### WHAT THE TASK ASKS
If pictures appear among the lines below, leave them out while you return exactly the lines from the one with "Yeşil sahanın yıldızlarının" through the one with "[셀럽하우스]나팔 GTAH9285 베이직".

### EXTRACTED DATA
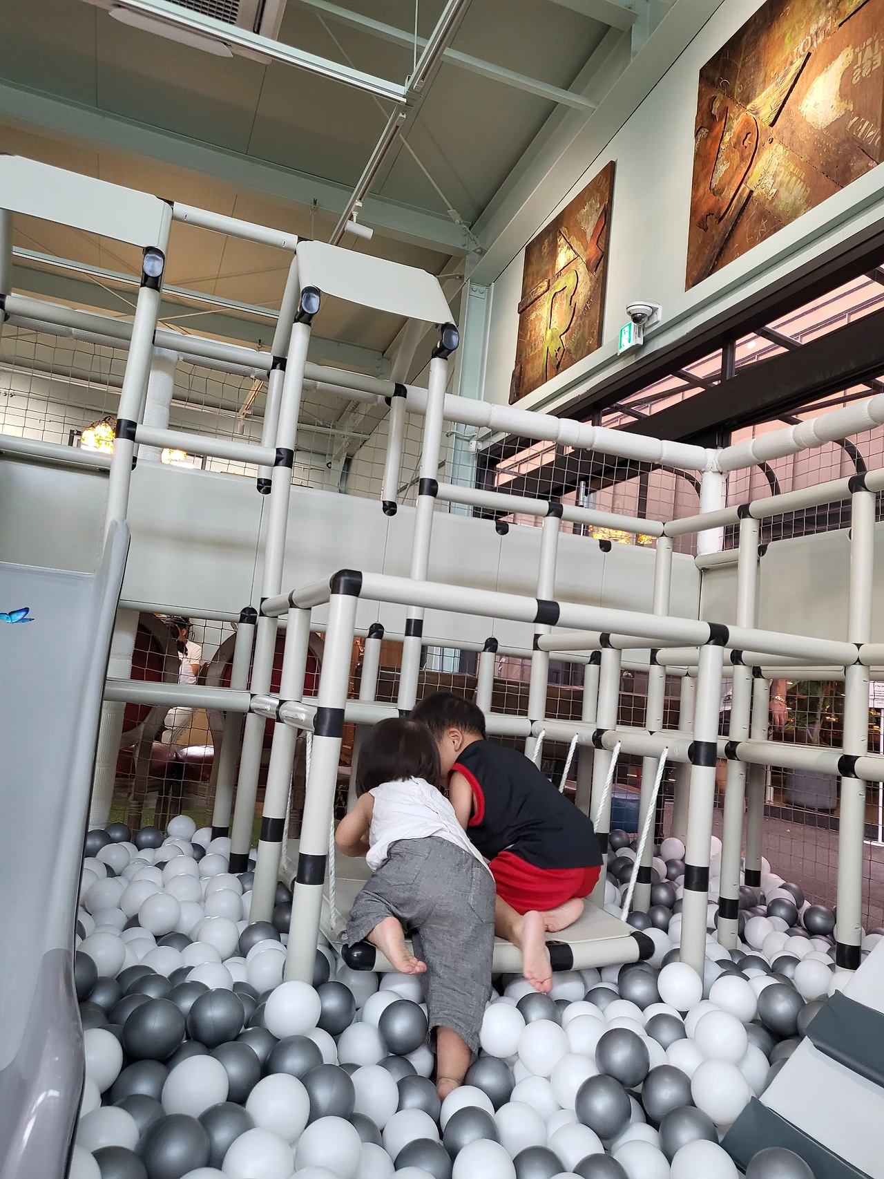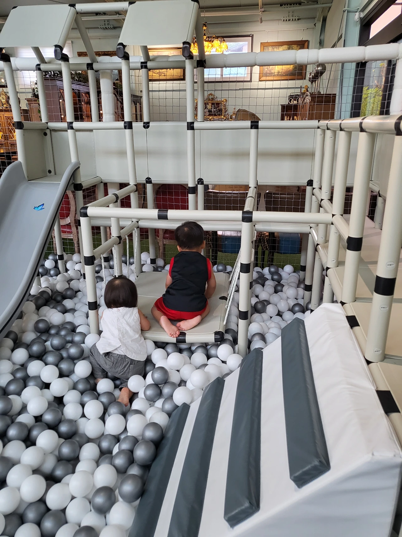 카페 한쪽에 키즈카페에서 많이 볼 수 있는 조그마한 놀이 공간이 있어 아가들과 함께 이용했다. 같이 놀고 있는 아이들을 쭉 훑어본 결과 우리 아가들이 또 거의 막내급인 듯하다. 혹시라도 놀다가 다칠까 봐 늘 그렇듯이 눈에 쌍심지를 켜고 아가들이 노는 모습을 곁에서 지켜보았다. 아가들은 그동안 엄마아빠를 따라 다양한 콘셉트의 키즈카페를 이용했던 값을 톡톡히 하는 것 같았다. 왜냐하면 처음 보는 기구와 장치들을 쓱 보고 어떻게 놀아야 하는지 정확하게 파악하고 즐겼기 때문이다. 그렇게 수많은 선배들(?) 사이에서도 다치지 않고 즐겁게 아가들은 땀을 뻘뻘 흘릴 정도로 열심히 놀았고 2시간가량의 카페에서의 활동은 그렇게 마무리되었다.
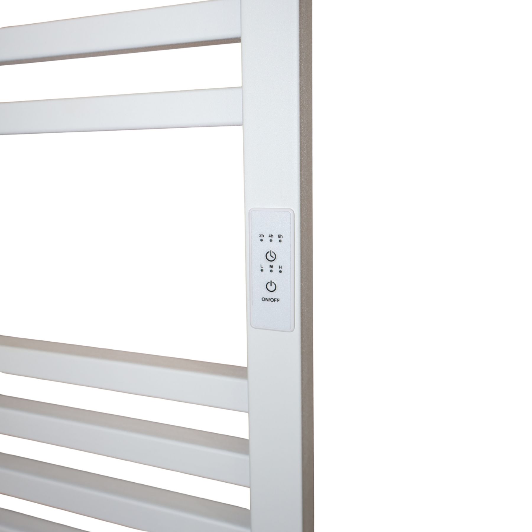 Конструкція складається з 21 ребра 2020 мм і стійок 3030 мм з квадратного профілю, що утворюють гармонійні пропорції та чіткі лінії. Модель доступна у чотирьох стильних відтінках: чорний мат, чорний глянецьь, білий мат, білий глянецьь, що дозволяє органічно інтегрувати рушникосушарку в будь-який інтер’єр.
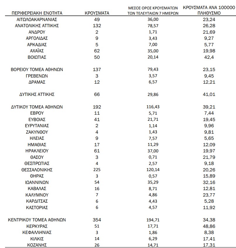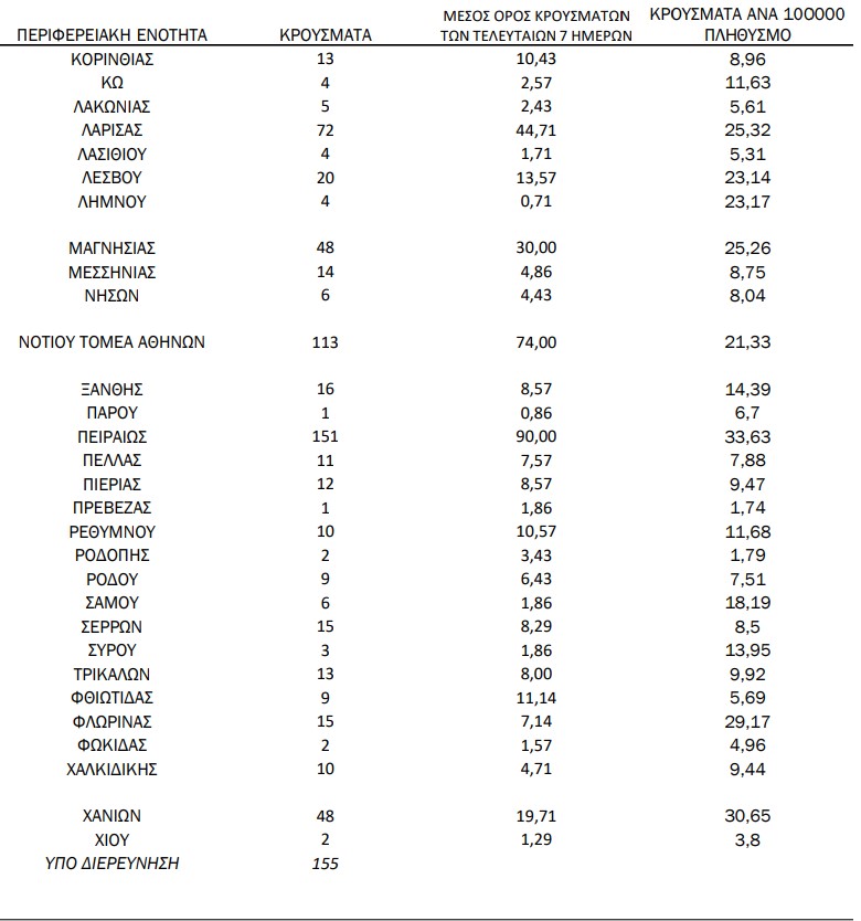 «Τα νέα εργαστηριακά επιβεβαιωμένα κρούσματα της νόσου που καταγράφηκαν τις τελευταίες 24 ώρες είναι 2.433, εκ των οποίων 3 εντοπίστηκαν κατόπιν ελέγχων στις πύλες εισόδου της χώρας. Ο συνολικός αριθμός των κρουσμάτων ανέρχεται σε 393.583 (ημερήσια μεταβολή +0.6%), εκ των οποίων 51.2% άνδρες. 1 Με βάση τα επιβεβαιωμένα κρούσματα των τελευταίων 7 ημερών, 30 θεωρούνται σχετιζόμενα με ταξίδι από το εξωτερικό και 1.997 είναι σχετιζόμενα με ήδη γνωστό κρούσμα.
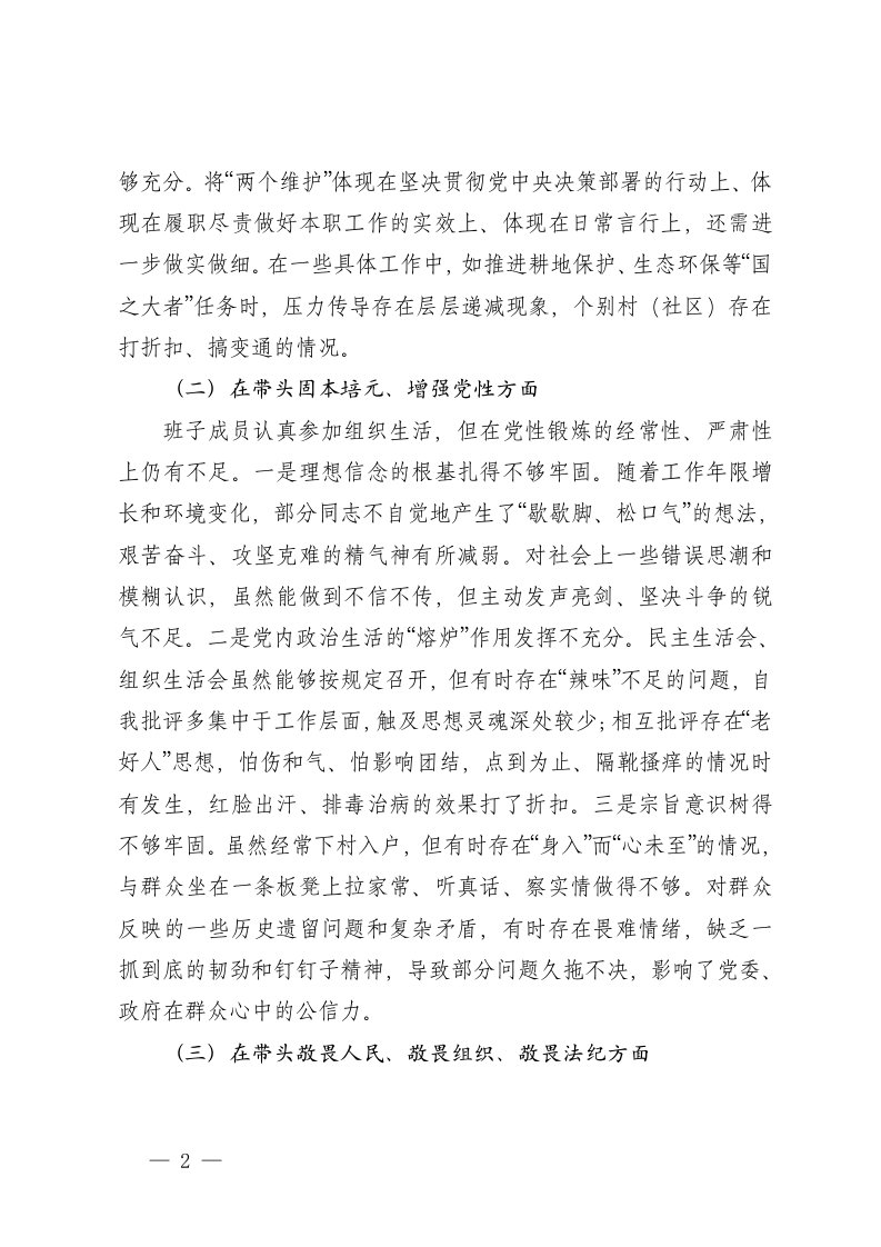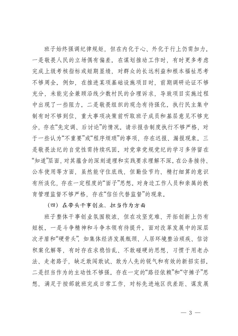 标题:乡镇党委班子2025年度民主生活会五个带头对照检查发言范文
---
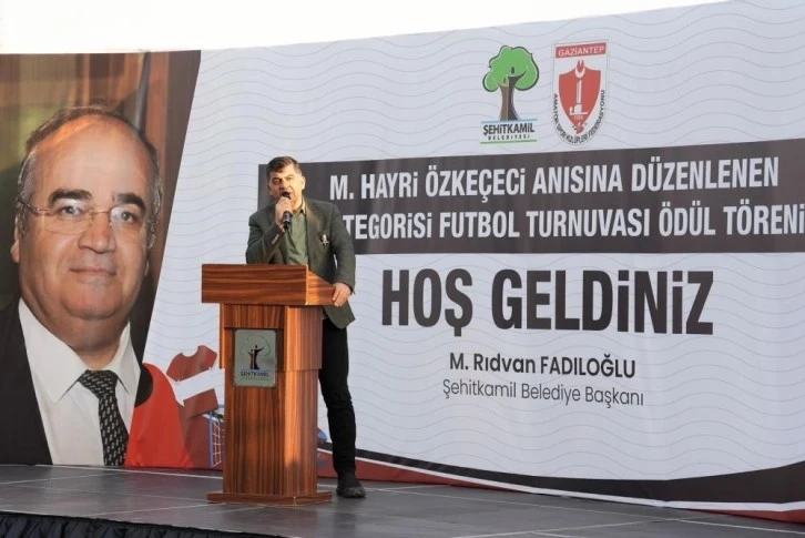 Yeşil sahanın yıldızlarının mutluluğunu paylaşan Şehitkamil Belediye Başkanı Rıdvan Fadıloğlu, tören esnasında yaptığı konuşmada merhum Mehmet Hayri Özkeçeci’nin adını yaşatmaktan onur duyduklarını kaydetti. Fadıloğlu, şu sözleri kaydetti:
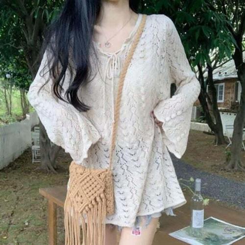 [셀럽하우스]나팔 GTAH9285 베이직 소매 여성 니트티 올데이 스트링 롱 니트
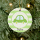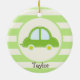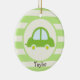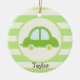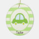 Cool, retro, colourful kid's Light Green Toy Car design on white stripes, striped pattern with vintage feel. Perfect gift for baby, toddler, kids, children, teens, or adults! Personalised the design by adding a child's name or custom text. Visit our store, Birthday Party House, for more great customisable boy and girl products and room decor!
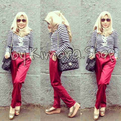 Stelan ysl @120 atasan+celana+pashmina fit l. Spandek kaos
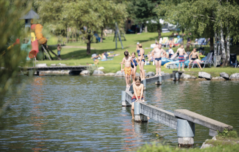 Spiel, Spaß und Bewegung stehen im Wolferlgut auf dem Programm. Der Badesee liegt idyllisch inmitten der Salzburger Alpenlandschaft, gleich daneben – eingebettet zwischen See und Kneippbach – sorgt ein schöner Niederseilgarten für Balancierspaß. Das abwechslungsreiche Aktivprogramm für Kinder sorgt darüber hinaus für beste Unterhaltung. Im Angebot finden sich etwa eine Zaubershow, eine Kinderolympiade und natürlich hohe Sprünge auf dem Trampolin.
* * *
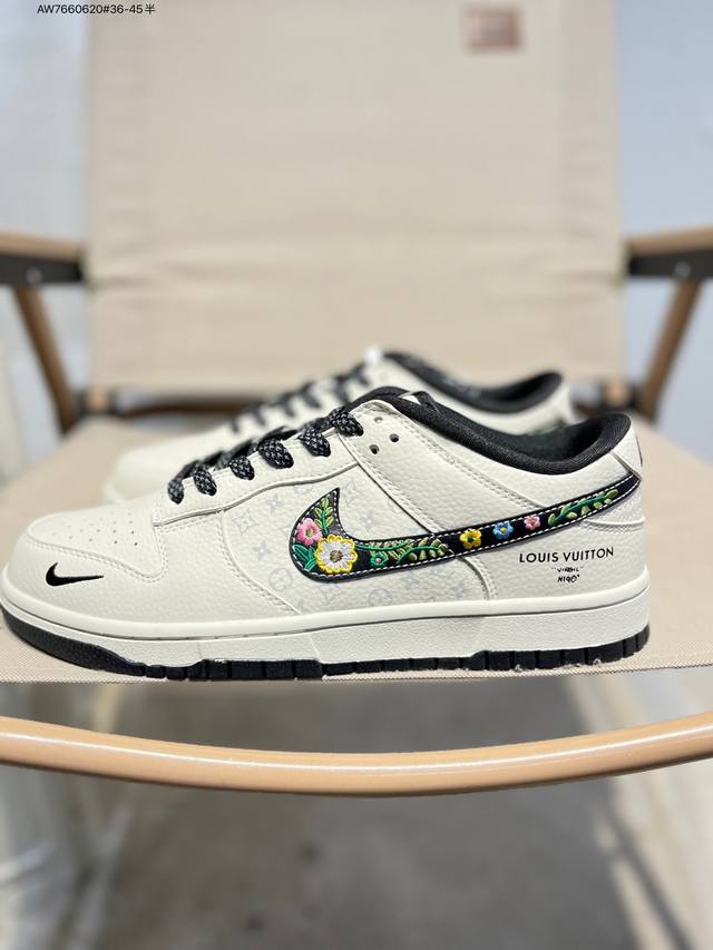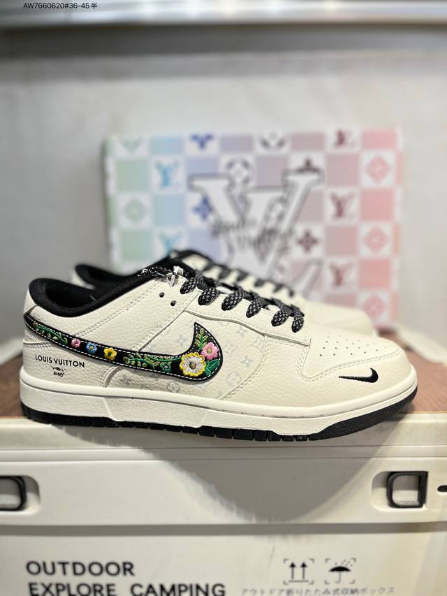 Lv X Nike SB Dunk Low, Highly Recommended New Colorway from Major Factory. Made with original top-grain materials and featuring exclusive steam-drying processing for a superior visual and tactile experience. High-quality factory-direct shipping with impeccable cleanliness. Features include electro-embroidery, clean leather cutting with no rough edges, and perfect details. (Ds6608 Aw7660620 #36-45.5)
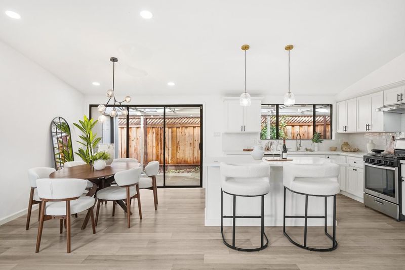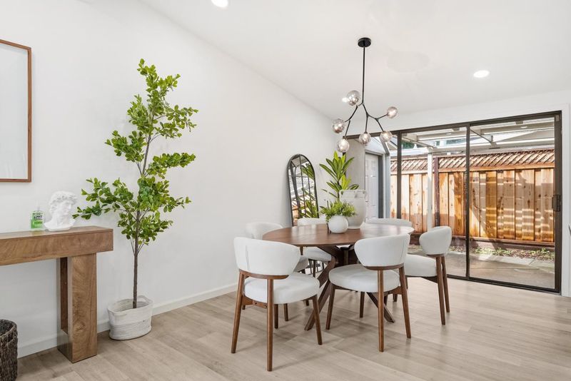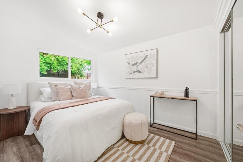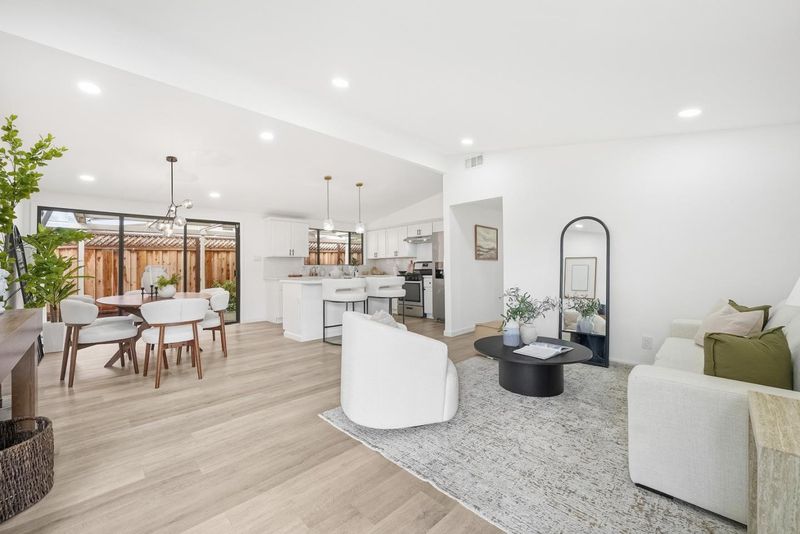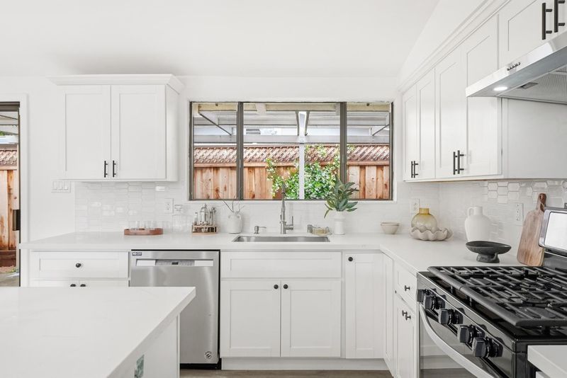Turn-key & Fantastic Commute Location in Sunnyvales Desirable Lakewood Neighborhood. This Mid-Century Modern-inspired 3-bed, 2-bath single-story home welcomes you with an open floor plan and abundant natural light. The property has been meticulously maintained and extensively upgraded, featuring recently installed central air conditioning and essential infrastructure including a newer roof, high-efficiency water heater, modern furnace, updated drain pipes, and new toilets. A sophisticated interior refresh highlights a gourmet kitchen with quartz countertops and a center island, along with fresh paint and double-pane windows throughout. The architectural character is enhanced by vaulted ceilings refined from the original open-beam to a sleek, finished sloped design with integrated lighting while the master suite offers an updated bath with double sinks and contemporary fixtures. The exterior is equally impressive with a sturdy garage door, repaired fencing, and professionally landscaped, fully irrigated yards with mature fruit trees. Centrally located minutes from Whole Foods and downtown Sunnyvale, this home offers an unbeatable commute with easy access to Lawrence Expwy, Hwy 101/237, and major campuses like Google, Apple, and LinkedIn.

### RESPONSE
 Yeşil sahanın yıldızlarının mutluluğunu paylaşan Şehitkamil Belediye Başkanı Rıdvan Fadıloğlu, tören esnasında yaptığı konuşmada merhum Mehmet Hayri Özkeçeci’nin adını yaşatmaktan onur duyduklarını kaydetti. Fadıloğlu, şu sözleri kaydetti:
 [셀럽하우스]나팔 GTAH9285 베이직 소매 여성 니트티 올데이 스트링 롱 니트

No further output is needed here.